Because of the high permittivity of water compared to that of ice or air, C-band (about 5cm wavelength) synthetic aperture radar (SAR) is able to reliably detect meltwater present in the snowpack, which may provide spatially explicit information about areas of the snowpack that may be contributing to runoff. The European Space Agency’s Sentinel-1 C-band SAR satellite constellation offers consistent acquisition patterns that allow for a diurnal comparison of SAR-derived snow conditions. These may be used to identify snow surface melt/freeze cycles, which are a hallmark of snowpack warming and ripening, and could be used to validate energy balance or runoff forecasting models. However, sufficient field measurement during snowpack warming and ripening is necessary to interpret these diurnally differing SAR signals.
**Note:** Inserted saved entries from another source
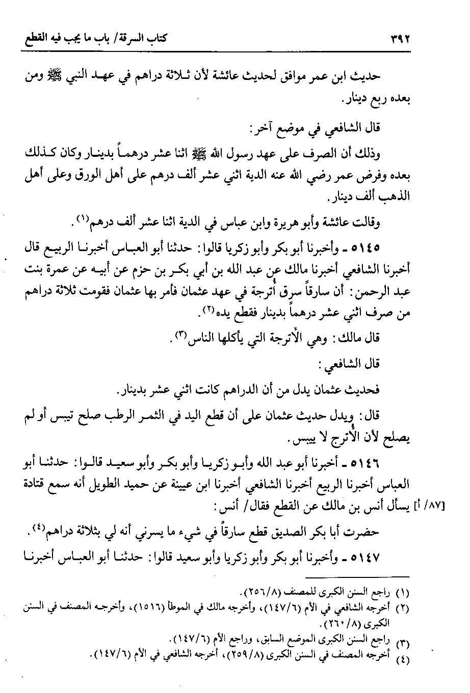 5146 - أخبرنا أبو عبد الله وأبو زكريا وأبو بكر وأبو سعيد قالوا : حدينا أبو العباس أخبرنا الربيع أخبرنا الشافعي أخبرنا ابن عيينة عن حميد الطويل أنه سمع قتادة يسأل أنس بن مالك عن القطع فقال أنس : حضرت أبا بكر الصديق قطع سارقاً في شيء ما يسرني أنه لي بثلاثة دراهم.
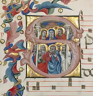 Niccolò di Giacomo da Bologna (c. 1325 – c. 1403), usually known as Niccolò da Bologna, was one of the most important and prolific manuscript illuminators in 14th-century Bologna. He was active from about 1349 to 1403. He is known for his expressive figures and crowded, action-filled narrative scenes. The first signed works by Niccolò are all copies of Gratian's ‘Decretals’, one of the standard works of canon law. He and his workshop later illuminated a variety of other manuscripts, including university texts, choir books and other liturgical texts, private devotional books, and even works of secular poetry and drama. Niccolò also illuminated a number of specialty books made for various corporate groups in the city, such as statute books and guild registers. He was a financially successful artist who was appointed illuminator to the city of Bologna in the 1380s and was an active member of city government. He was the uncle of the artist Jacopo di Paolo (active 1371-1426).
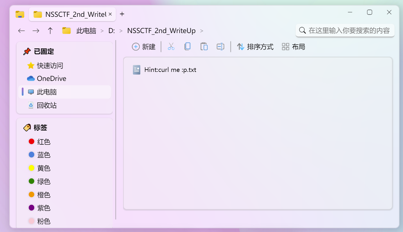 NSSCTF_2nd_WriteUp文件夹里里发现一个hint。在桌面的获取FLAG中得到另一个有用的信息。
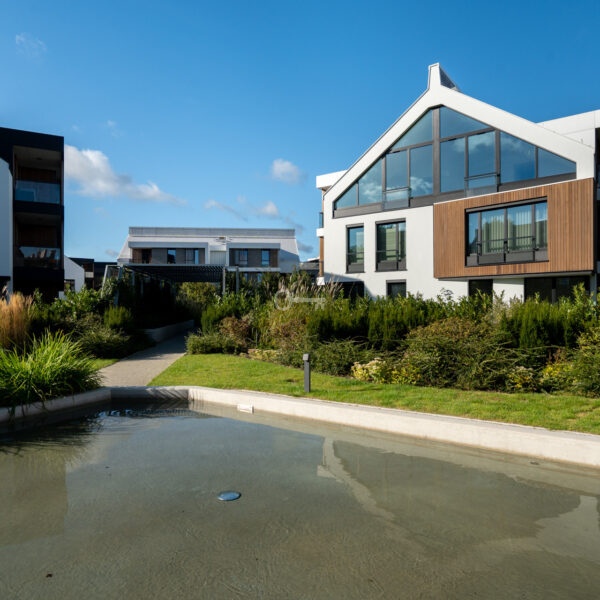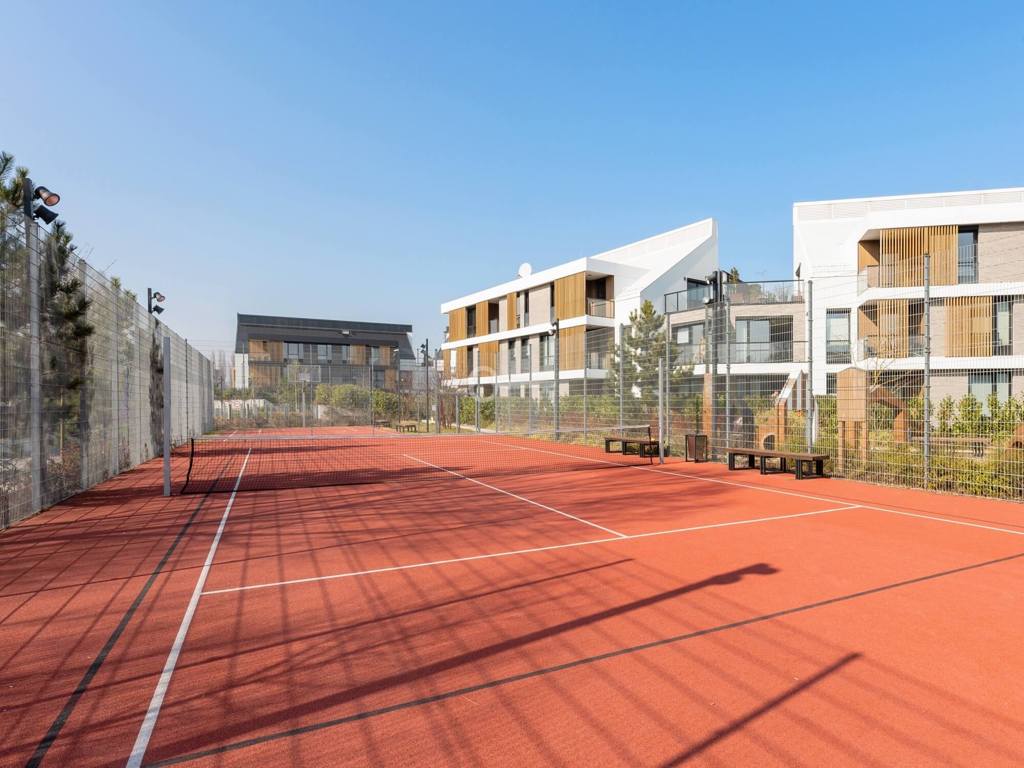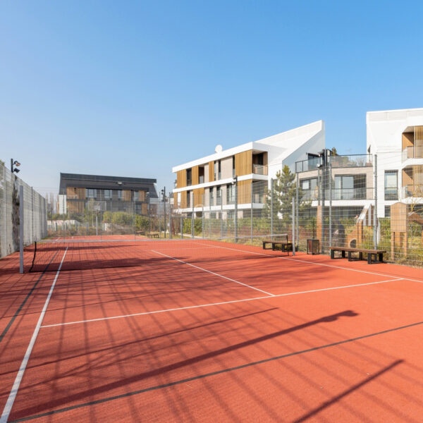 The unique character of the development is enhanced by the shared spaces designed for relaxation. Residents will have access to: an outdoor relaxation zone, a tennis court, a multifunctional sports field, numerous areas with ponds and diverse vegetation, all composed to create a natural space for rest.
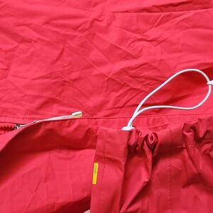 Excellent quality Lolë red hooded jacket with a zip front and drawstring along with details. Perfect for casual outings.
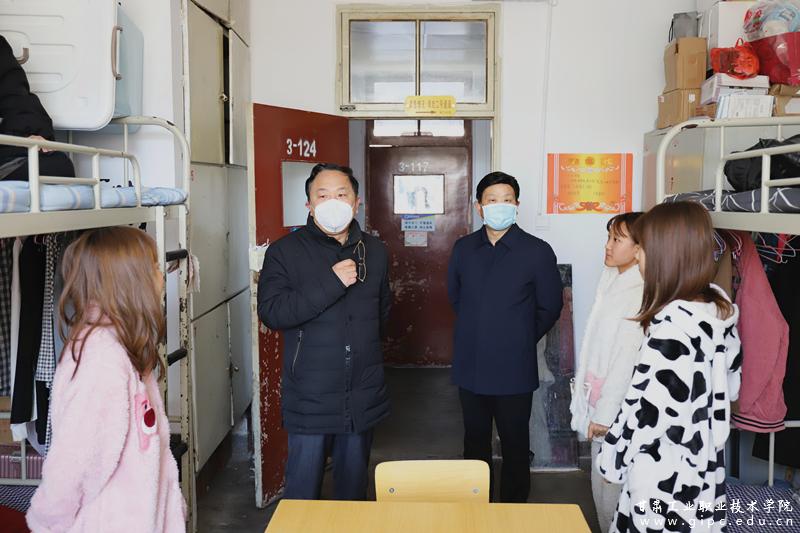 杨声一行先后深入学生1、2、3号公寓,现场检查了学生宿舍、浴室、卫生间等公共区域的消杀情况,并随机走访学生宿舍,与同学们面对面交流,详细了解同学们的日常生活和线上学习情况。
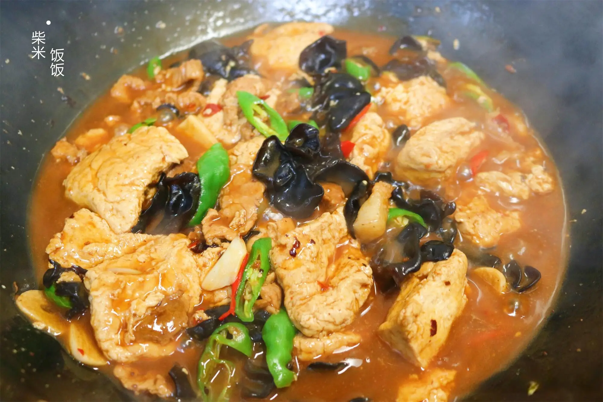 【食材】柴火豆腐、猪肉、木耳、青红辣椒、青蒜苗、葱、姜、蒜、盐、郫县豆瓣酱、豆豉、生抽
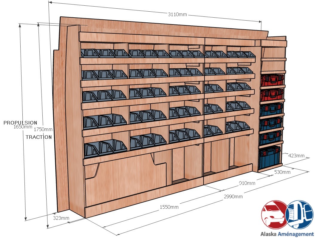 Rangement rapide avec bacs à bec et espace pour mallettes, pensé pour les artisans mobiles.
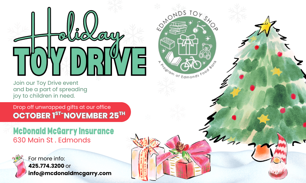 This holiday season, McDonald McGarry is once again partnering with Edmonds Food Bank and hosting a toy drive for Edmonds Toy Shop. We will be collecting new toys and books for ages birth to 9 years old. Swing by our office from October 1st through November 25th to drop off unwrapped gifts for Edmonds Toy Shop! Edmonds Toy Shop will also be taking monetary donations to go towards gift card purchases for kids ages 10-17. Please visit the link below to make a monetary donation:
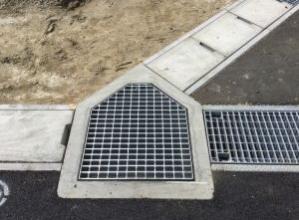 道路側溝との接続箇所に使用されるプレキャスト集水桝。二次製品側溝に合わせた製品幅で、すっきり接...
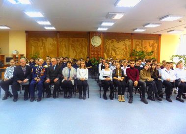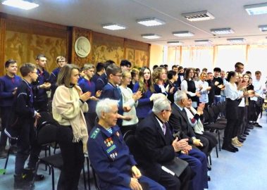 Василий Алексеевич поделился с молодежью своими военными воспоминаниями; пожелал юношам и девушкам любить Родину, помнить заслуги старших поколений, стремиться к знаниям в век компьютеризации и новейших технологий, проявлять характер в самых сложных ситуациях и ценить мир, который был завоеван в тяжелейших условиях. Зал приветствовал и аплодировал ветерану стоя!

For my CUAHSI Pathfinder Fellowship, I was fortunate to spend six weeks living on Grand Mesa Colorado in winter/spring 2020, during which time I was able to dig over 50 snow pits to make measurements as the snowpack warmed and ripened. These measurements were made with the same protocols as the SnowEx Time Series and Intensive Observation Period campaigns on Grand Mesa, which allows for a seasonally cohesive data set. We integrate these field measurements with S1 SAR imagery as well as the physically-based SnowModel, in order to comprehensively identify snowpack phases and interpret S1 diurnal SAR snow conditions.
Here you will find processed S1 SAR imagery over Grand Mesa from July 2019 - June 2020. The Pathfinder field measurements have been incorporated with NASA SnowEx Time Series data, which will be published and publicly available through the National Snow and Ice Data Center (NSIDC) at https://nsidc.org/data/snowex.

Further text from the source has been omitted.